Adam squeezed his eyes shut. Get out of my head, he told Arabella Knightley.

IT WAS RAINING heavily by the time they reached her grandmother’s house in Belgravia. Arabella climbed the marble staircase with Polly one step behind, playing the role of servant. She was conscious of a sense of relief. By this time tomorrow, Jenny would be safe at the school in Swanley—and neither Sir Arnold Gorrie nor Adam St. Just would be able to find her.

She pulled off her gloves. The kid leather was slightly damp.

“Arabella.”

She turned. “Yes, Grandmother?”

Lady Westwick stood in the doorway of her parlor. A lace cap covered her white hair. She wore a lilac gown with vertical pleating on the bodice. The late earl’s painted eye stared out from the brooch on her bosom.

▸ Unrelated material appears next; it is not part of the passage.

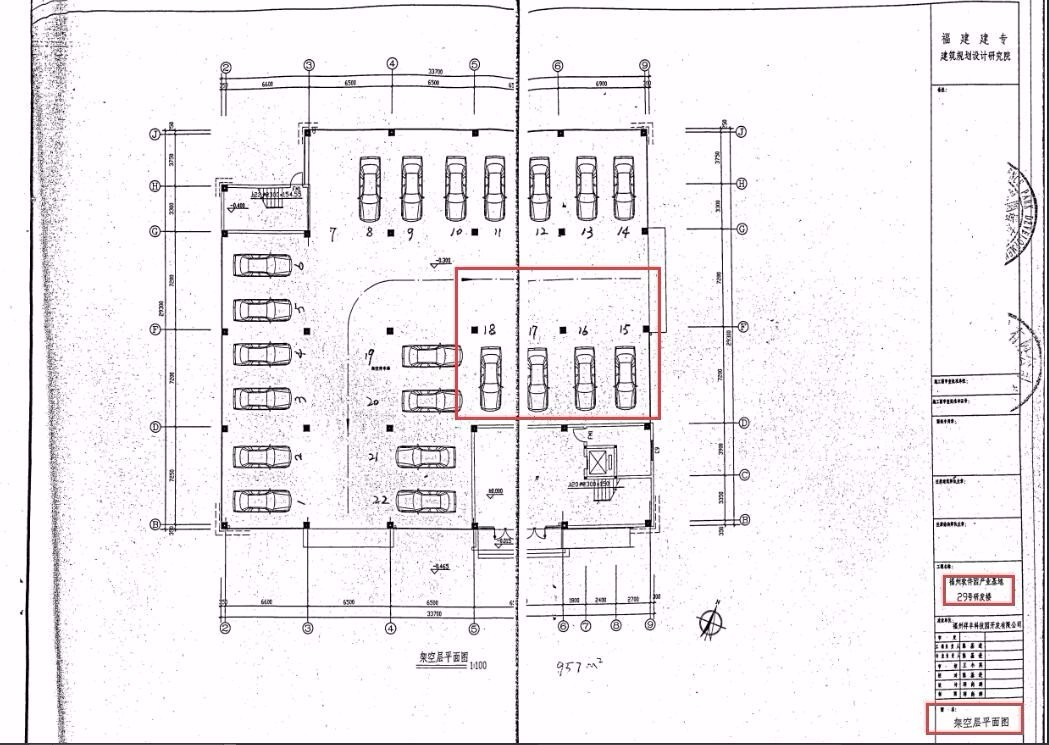 根據(jù)當(dāng)年福建建專建筑規(guī)劃設(shè)計(jì)研究院出具的福州市軟件園產(chǎn)業(yè)基地29號(hào)研發(fā)樓架空層平面圖的設(shè)計(jì)圖紙(如下),此區(qū)域應(yīng)為敞開(kāi)式停車(chē)區(qū)域,但是現(xiàn)在被祥豐物業(yè)及其關(guān)聯(lián)公司“福建益網(wǎng)信息技術(shù)有限公司”對(duì)29#研發(fā)樓架空層任意圍擋施工,該行為明顯違反上述規(guī)劃許可。

“I see you got wet,” her grandmother said, faint disapproval in her voice.

“Yes,” Arabella said, conscious of the distance between them, the congeniality they both feigned. She wants me in her house as little as I want to be here.

“I thought you’d like to know . . . your friend Helen Dysart—her husband has died.”

“What?” Arabella exclaimed. “George Dysart? When?”

“Last night, if the gossips are to be believed.”

“Oh, poor Helen!” Arabella turned and began to head downstairs again.

Her grandmother’s voice stopped her: “Where are you going?”

“To see Helen,” Arabella said, looking back at her.

“It’s nearly five o’clock.”

“She’s my friend, Grandmother.” The only friend I have in the ton, other than Grace St. Just. “I’ll be back in time for dinner.”

Lady Westwick’s mouth pinched slightly. “Very well.” She stepped back into her parlor and closed the door.

Arabella hurried down the stairs, pulling on her gloves. “Call back the carriage, Clough. I need to go out again.”

A WREATH HUNG on the door at No. 34 Curzon Street. The black ribbons were dripping.

Arabella watched as the footman jumped down from the carriage. Water splashed beneath his feet. Poor man, she thought, as he plied the door knocker. He looked as wet and bedraggled as the wreath.